Given the obviously advanced state of Human-Conqueror technology, she had expected the equipment inside the cabinet to be highly complex. What she hadn't expected was the incredible extent to which that equipment had been miniaturized. Perhaps a hundred cables fed into the cabinet from openings in the back panel, snaking their way individually and in bundled groups to a mere six sites evenly spaced from top to bottom along the centerline. There the cables split into individual fibers of metal or glass, which vanished into the faces of small cubes suspended in midair by thick gray cylinders running horizontally across the cabinet. The cylinders themselves disappeared in turn through openings in the right and left walls, presumably into the cabinets on either side.

It was strange and very alien, and for a beat a disturbing vision flashed through Klnn-dawan-a's mind: that of a group of trillsnakes trying to swallow cube-shaped nornins, sculpted perhaps by some old neofacetist artisan.

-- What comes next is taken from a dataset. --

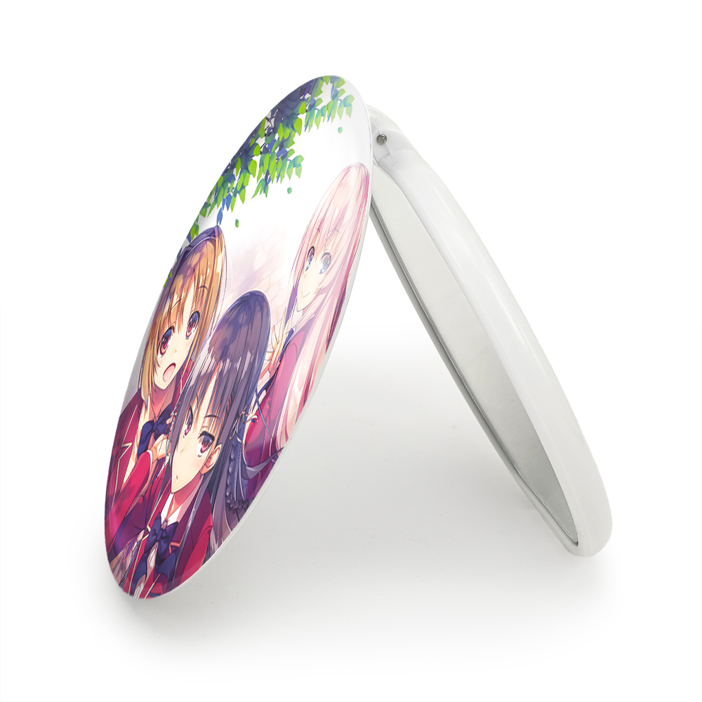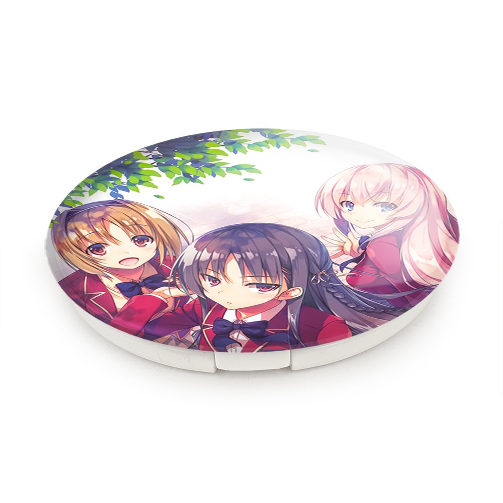 آینه های تاشو انیمه کلاس نخبگان (Classroom Elite) خندالو، از جنس پلاستیک فشرده ABS تولید شده و به رنگ سفید می باشد. یکی از آینه ها ابعاد واقعی را نشان داده و دیگری با قابلیت بزرگنمایی، جزئیات را بهتر نمایش می دهد. ابعاد هر یک از آینه ها، دایره ای به قطر 7.5 سانت می باشد که نه خیلی بزرگ و غیر قابل استفاده در کیف آرایشی ست و نه خیلی کوچک که تصویر خاصی در آن مشاهده نشود. آینه تاشو انیمه کلاس نخبگان (Classroom Elite) سایزی استاندارد و کارآمد دارد و در هر کیفی جا میگیرد. چاپ طرح بوسیله چاپگرهای دیجیتال شش رنگ با شفافیت و کیفیتی مثال زدنی بر روی یک وجه از بدنه ی آینه انجام گرفته و با روکش لمینت حرارتی پوشیده شده که در مقابل آسیب و خط و خش مقاوم بوده و کیفیت بالایی دارد. درب آینه بوسیله قفل بدنه ی آن، باز نمی ماند و کاملا بسته می شود و مناسب قرار گیری در کیف لوازم آرایش و کیف های کوچک دستی نیز هست. آینه های تاشو انیمه کلاس نخبگان (Classroom Elite) خندالو با تنوع طرحی بسیار بالا، سلیقه هر نوع مخاطبی را تامین میکند.

Hastily, she chased the image from her mind. Considering what was going on above them, the last thing she wanted to think about was trillsnakes devouring nornins. Leaning halfway into the cabinet, she focused her light on one of the cubes, looking for some way to open it.

Surrounded by the pervasive hum of the cabinet, she never heard the footsteps that must have charged down the stairway. But suddenly Tbv-ohnor was there beside her. "Time to go, Searcher," he said urgently.

"Now?" Klnn-dawan-a asked. "But—"

"Now, Searcher," Tbv-ohnor snapped, grabbing her upper arm and yanking her bodily away from the cabinet. "The enemy's almost here."

Klnn-dawan-a's protests died at the back of her tongue. A few beats later they were all heading up the stairway.

"It might already be too late," Tbv-ohnor warned grimly as they clumped hurriedly up the steps. "Commander Thrr-mezaz pulled some trick that's keeping the Human-Conquerors' warcraft out of the sky in this area—I didn't get the details. But their ground warriors were already down, and the commander's reinforcements won't get here before they do."

"Maybe we should just stay down here," Klnn-dawan-a suggested, her tail spinning harder with the exertion of the climb. "If the room is that important to them, they won't risk damaging it. We could wait until it's safe to come out."

"Unless they prefer destroying it to letting us have it," Tbv-ohnor countered. "In which case they'll just roll some of their explosives down the stairway."

The stuttering sounds of Human-Conqueror weapons were getting louder, and as they neared the surface, Klnn-dawan-a could hear the hissing of laser rifles as the Zhirrzh warriors returned the fire. They reached the entrance chamber at the top of the stairs to find one of the warriors crouching beside each of the walls while the third, lying on the metal floor a stride back from the entrance, methodically sprayed laser flashes back and forth across his angle of fire. "Are they out there?" Tbv-ohnor asked as they reached the chamber.

"I don't know," the warrior at the right-hand wall said. "The Elders say they're not close enough to see us yet, but I keep seeing movement out there in the trees."

"Nothing that says Elders can't make mistakes," Tbv-ohnor grunted, moving up behind him and peering cautiously outside. "Especially with the kind of visual camouflage the Human-Conquerors like to use. Question is, how do we get around them?"